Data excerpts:
+++

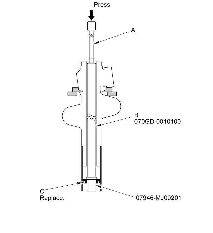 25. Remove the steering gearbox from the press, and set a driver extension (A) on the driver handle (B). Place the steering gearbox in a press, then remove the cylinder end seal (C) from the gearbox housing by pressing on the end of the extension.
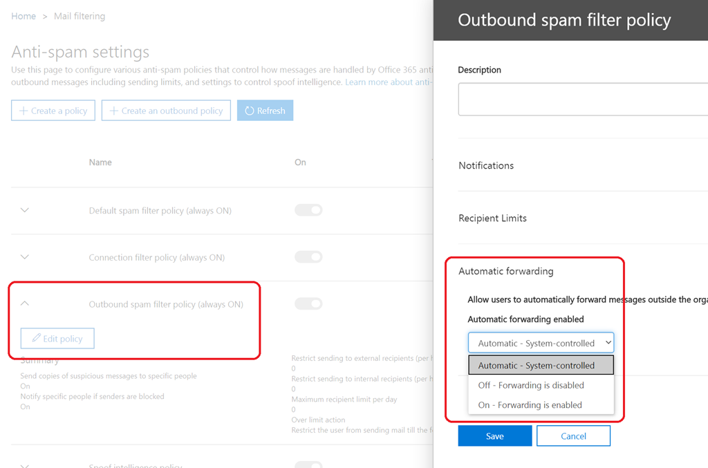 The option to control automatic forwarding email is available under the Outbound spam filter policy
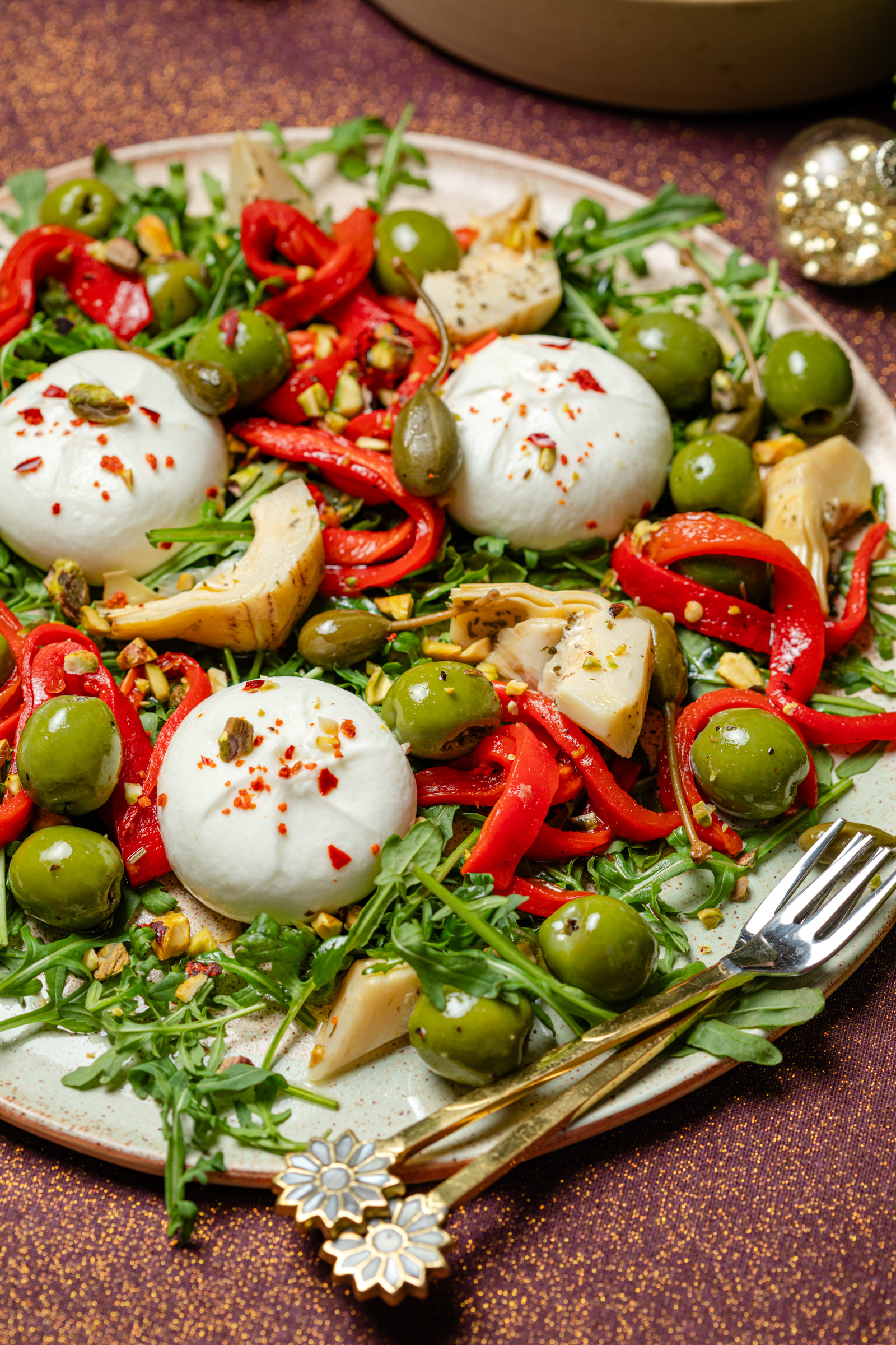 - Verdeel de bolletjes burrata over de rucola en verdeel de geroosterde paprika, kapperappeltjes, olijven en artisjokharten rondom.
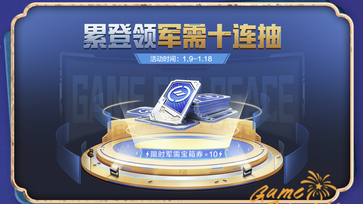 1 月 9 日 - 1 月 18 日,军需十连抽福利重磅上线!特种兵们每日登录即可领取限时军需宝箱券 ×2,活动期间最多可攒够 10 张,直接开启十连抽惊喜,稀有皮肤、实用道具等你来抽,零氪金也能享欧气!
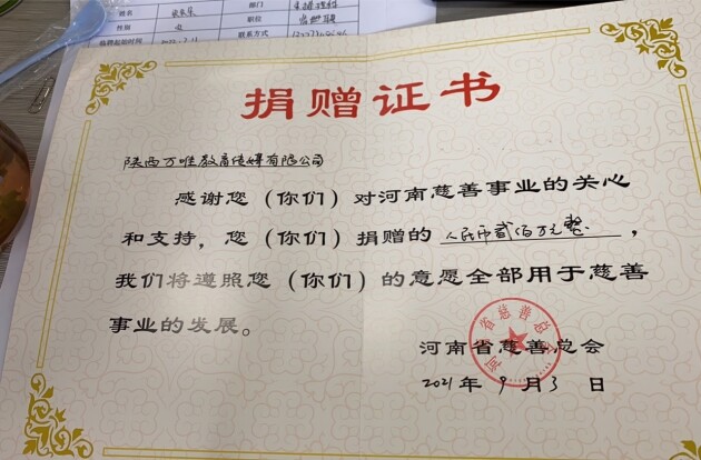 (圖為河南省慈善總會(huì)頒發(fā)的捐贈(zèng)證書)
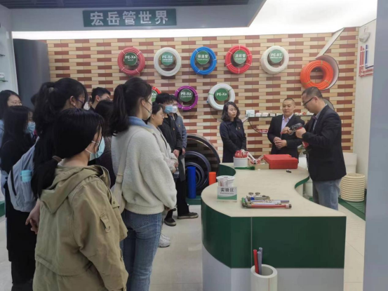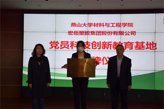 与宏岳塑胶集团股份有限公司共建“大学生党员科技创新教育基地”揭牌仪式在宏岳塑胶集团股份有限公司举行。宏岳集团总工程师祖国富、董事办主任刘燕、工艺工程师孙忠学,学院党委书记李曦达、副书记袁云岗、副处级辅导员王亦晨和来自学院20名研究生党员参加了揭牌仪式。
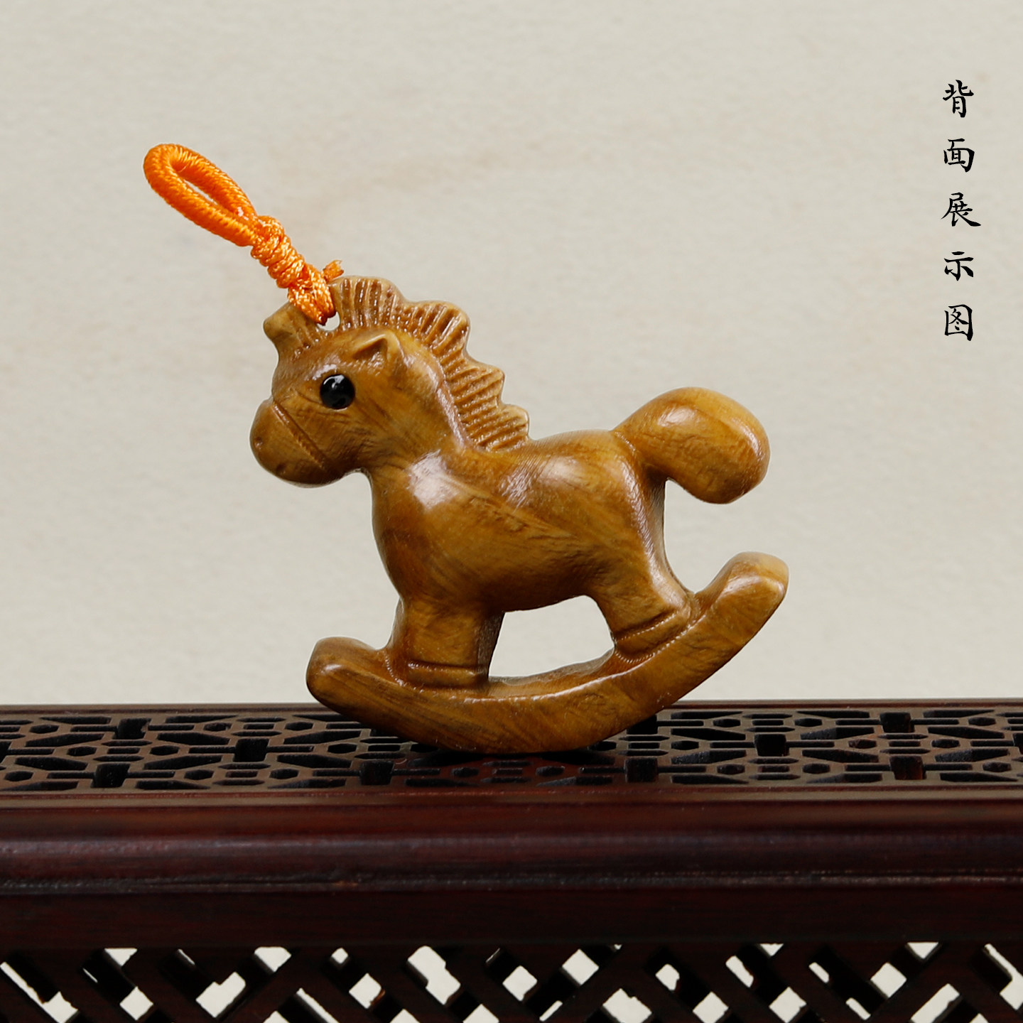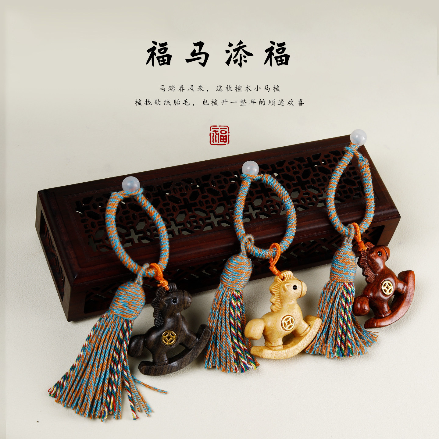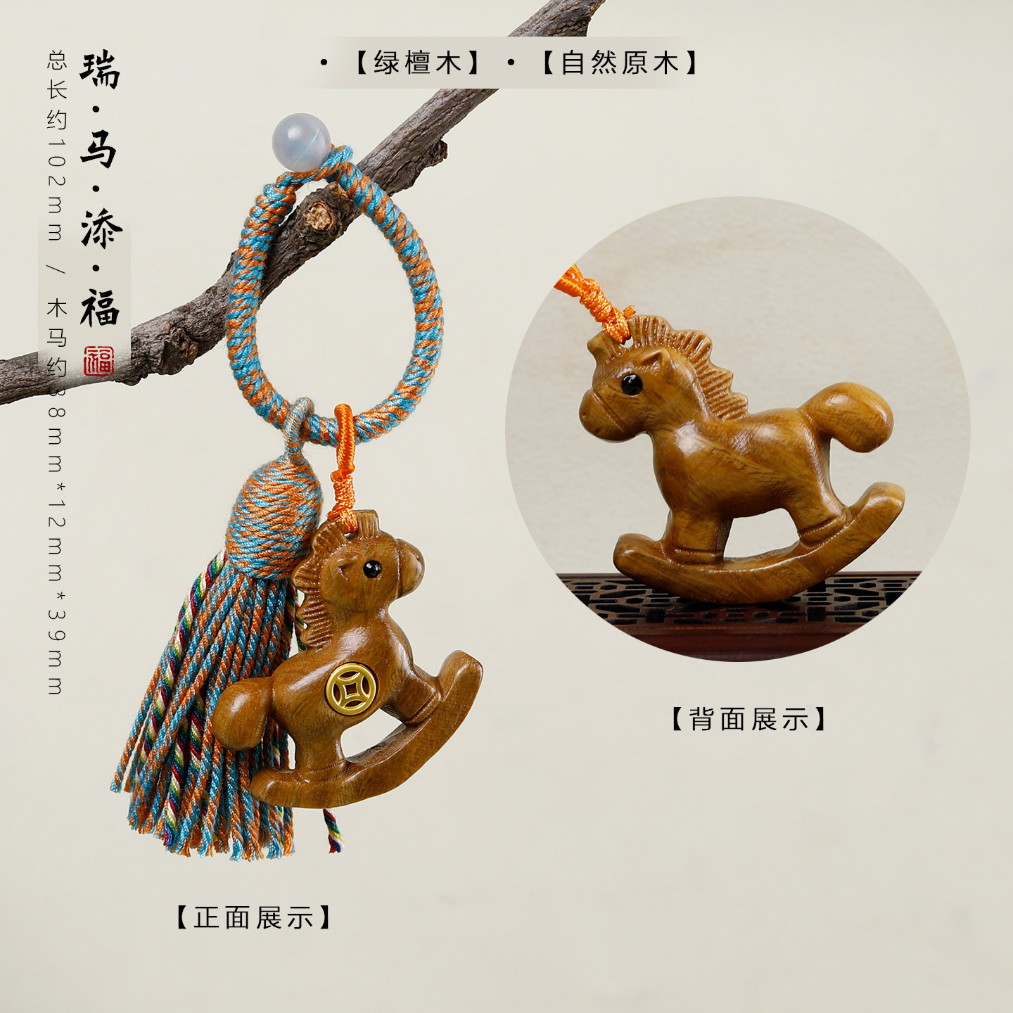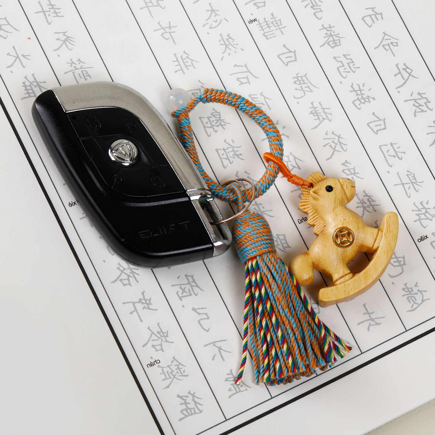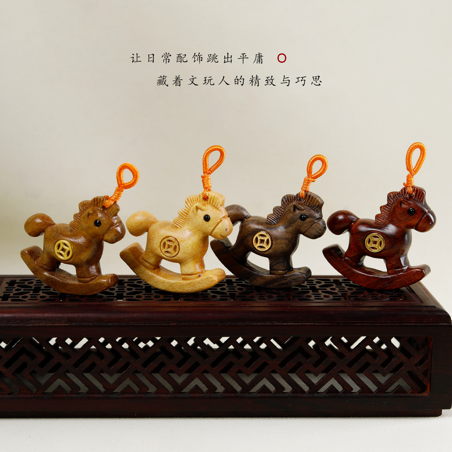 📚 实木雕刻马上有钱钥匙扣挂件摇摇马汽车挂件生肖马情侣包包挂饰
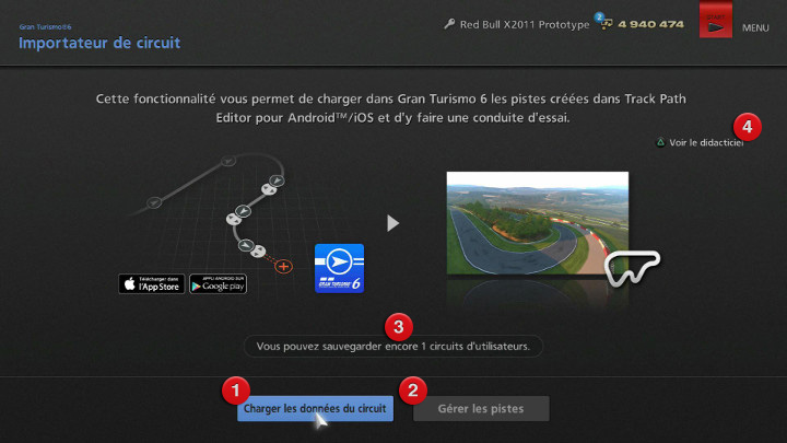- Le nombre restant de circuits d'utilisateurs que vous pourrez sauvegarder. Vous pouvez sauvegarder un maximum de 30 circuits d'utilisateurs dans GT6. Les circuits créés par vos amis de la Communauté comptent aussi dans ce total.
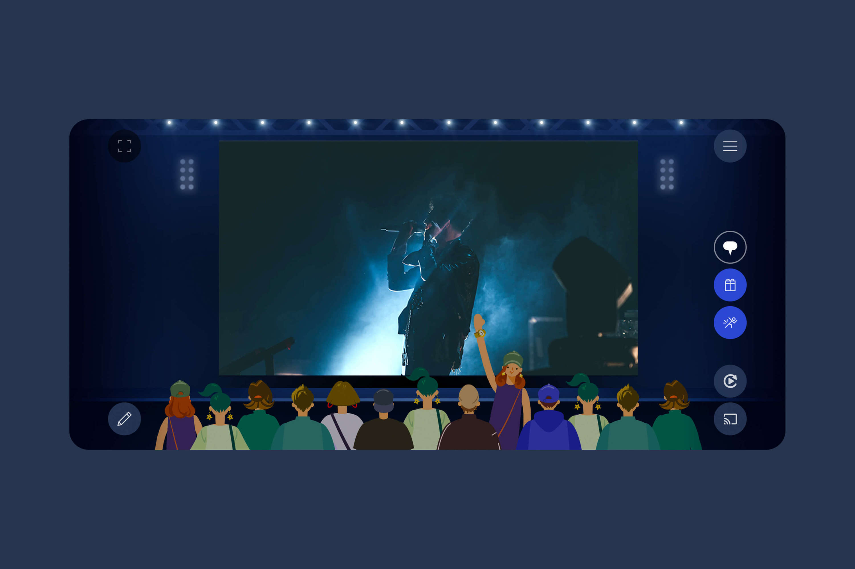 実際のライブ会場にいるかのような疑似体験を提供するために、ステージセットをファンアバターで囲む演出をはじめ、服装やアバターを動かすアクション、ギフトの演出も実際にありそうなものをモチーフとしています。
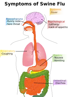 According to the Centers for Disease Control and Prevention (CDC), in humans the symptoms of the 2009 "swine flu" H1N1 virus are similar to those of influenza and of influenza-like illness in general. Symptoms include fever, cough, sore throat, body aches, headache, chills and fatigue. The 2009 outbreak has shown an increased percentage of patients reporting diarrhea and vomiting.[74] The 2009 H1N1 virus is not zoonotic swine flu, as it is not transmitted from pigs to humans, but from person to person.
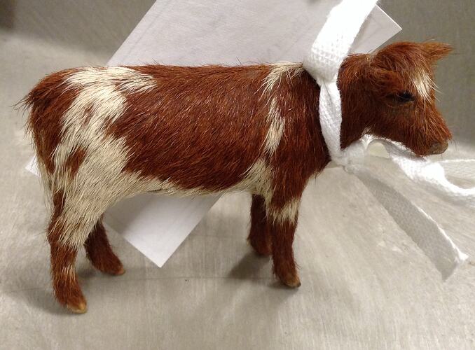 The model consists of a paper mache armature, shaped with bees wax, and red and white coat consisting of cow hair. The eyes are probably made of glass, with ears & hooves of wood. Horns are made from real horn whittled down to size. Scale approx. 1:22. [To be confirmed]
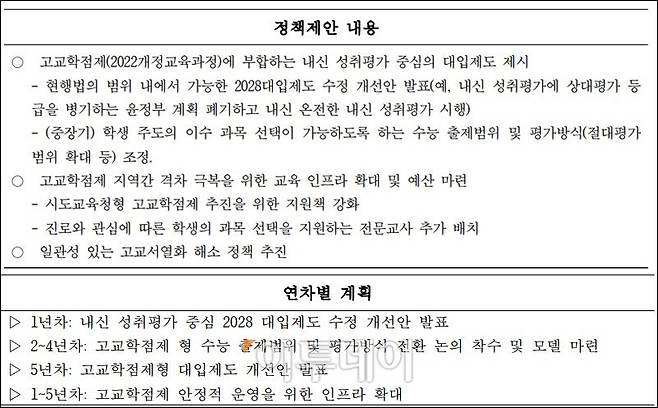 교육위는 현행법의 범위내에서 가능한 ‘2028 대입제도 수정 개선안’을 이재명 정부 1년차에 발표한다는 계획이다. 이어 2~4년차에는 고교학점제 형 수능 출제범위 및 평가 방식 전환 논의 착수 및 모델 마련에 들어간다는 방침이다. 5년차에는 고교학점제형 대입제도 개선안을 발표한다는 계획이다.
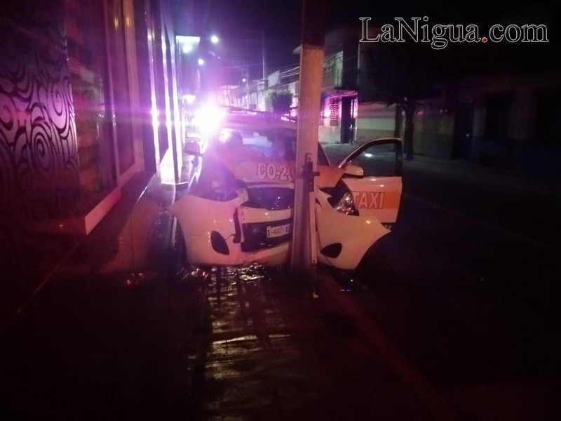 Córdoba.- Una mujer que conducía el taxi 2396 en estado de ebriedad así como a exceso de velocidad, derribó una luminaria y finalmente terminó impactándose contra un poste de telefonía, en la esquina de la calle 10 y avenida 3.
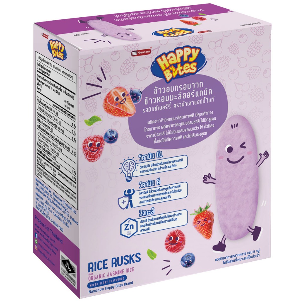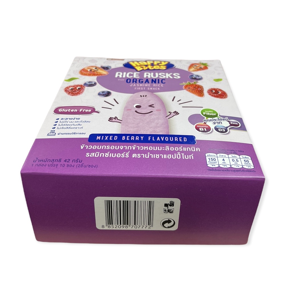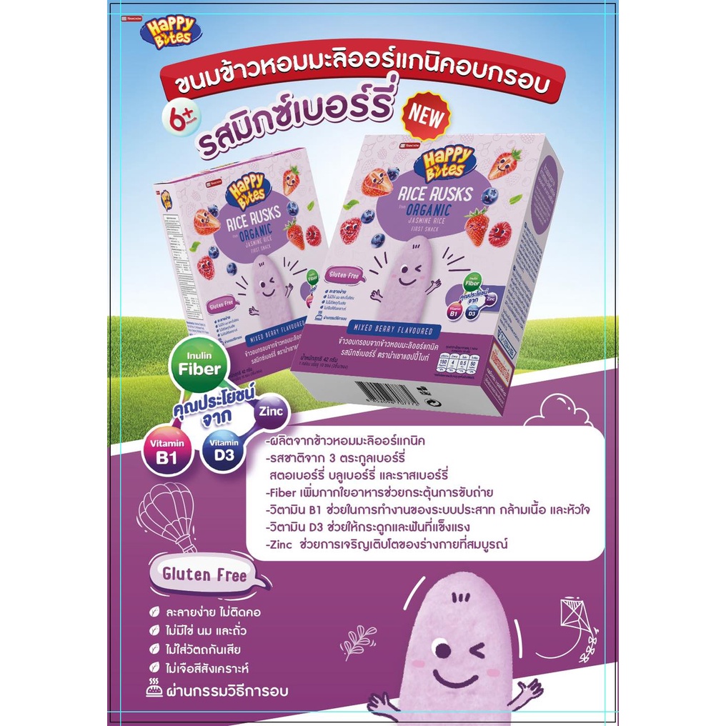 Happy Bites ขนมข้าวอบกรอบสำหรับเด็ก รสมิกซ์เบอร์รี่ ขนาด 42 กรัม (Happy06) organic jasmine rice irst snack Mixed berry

+++

A verbatim copy is needed of the lines running from the line with "교육위는 현행법의 범위내에서" to the end of the data above, both included. Keep the pictures out of it.

 교육위는 현행법의 범위내에서 가능한 ‘2028 대입제도 수정 개선안’을 이재명 정부 1년차에 발표한다는 계획이다. 이어 2~4년차에는 고교학점제 형 수능 출제범위 및 평가 방식 전환 논의 착수 및 모델 마련에 들어간다는 방침이다. 5년차에는 고교학점제형 대입제도 개선안을 발표한다는 계획이다.
 Córdoba.- Una mujer que conducía el taxi 2396 en estado de ebriedad así como a exceso de velocidad, derribó una luminaria y finalmente terminó impactándose contra un poste de telefonía, en la esquina de la calle 10 y avenida 3.
 Happy Bites ขนมข้าวอบกรอบสำหรับเด็ก รสมิกซ์เบอร์รี่ ขนาด 42 กรัม (Happy06) organic jasmine rice irst snack Mixed berry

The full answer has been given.